## Instructions to follow
The output should match, line for line, the records from the line containing "-Camisa blanca 100%" through the line containing "This men's dog", with every picture left out.

::: Supplied information

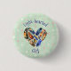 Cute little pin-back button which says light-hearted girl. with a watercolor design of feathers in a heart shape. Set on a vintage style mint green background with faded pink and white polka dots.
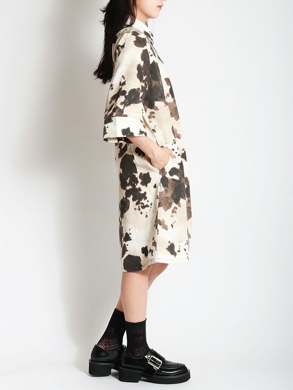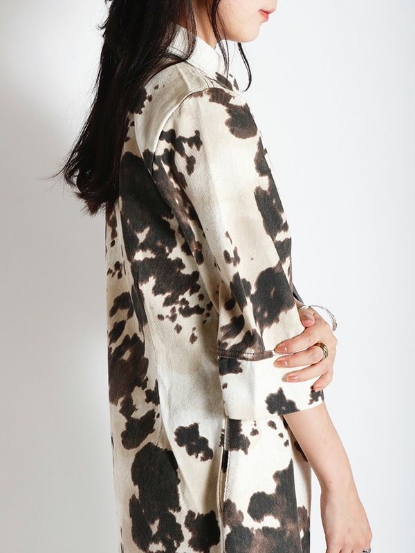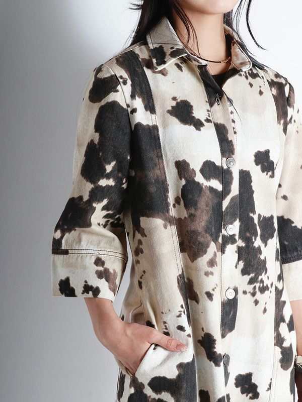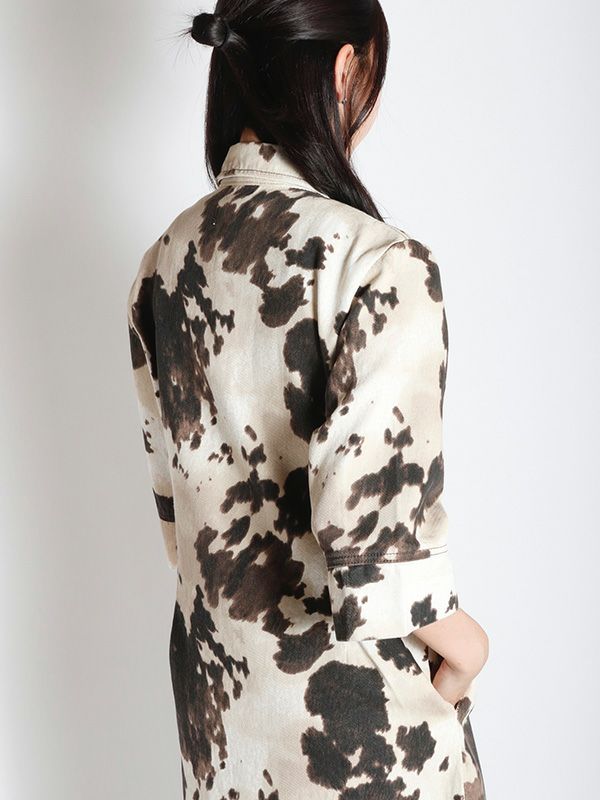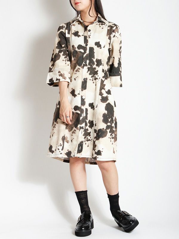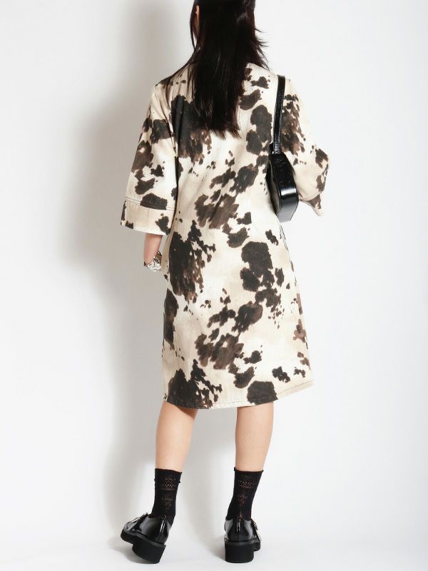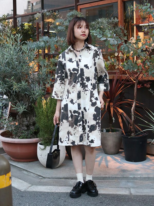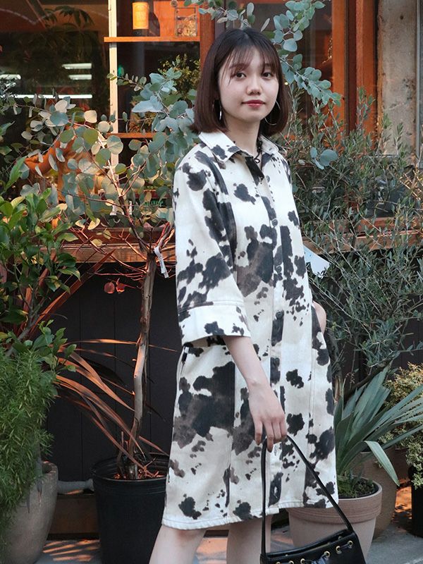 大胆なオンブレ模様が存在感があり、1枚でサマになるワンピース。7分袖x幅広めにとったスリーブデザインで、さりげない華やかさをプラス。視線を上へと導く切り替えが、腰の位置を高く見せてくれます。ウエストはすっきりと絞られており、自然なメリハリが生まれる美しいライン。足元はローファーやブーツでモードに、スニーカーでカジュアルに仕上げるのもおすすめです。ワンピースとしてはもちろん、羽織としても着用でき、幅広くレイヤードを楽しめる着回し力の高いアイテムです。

::::::
::: Supplied information

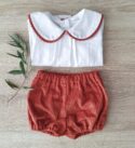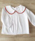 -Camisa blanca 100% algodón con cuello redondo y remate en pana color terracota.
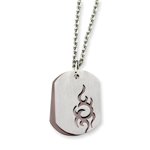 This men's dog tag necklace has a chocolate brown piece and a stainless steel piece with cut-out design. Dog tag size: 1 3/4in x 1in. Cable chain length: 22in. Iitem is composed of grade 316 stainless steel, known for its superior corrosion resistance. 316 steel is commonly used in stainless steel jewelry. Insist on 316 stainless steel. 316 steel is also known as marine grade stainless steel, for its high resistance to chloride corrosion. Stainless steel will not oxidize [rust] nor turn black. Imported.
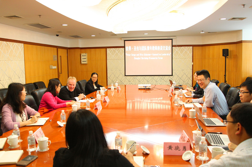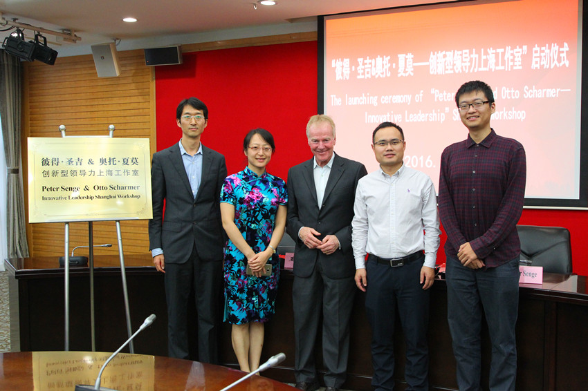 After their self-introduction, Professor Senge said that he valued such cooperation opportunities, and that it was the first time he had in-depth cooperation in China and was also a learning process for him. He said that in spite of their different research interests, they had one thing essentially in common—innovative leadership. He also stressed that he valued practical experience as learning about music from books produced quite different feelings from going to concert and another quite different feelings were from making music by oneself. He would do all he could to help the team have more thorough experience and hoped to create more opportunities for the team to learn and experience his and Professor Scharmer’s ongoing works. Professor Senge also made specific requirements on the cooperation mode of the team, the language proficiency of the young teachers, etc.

::::::

## Written answer
 -Camisa blanca 100% algodón con cuello redondo y remate en pana color terracota.
 This men's dog tag necklace has a chocolate brown piece and a stainless steel piece with cut-out design. Dog tag size: 1 3/4in x 1in. Cable chain length: 22in. Iitem is composed of grade 316 stainless steel, known for its superior corrosion resistance. 316 steel is commonly used in stainless steel jewelry. Insist on 316 stainless steel. 316 steel is also known as marine grade stainless steel, for its high resistance to chloride corrosion. Stainless steel will not oxidize [rust] nor turn black. Imported.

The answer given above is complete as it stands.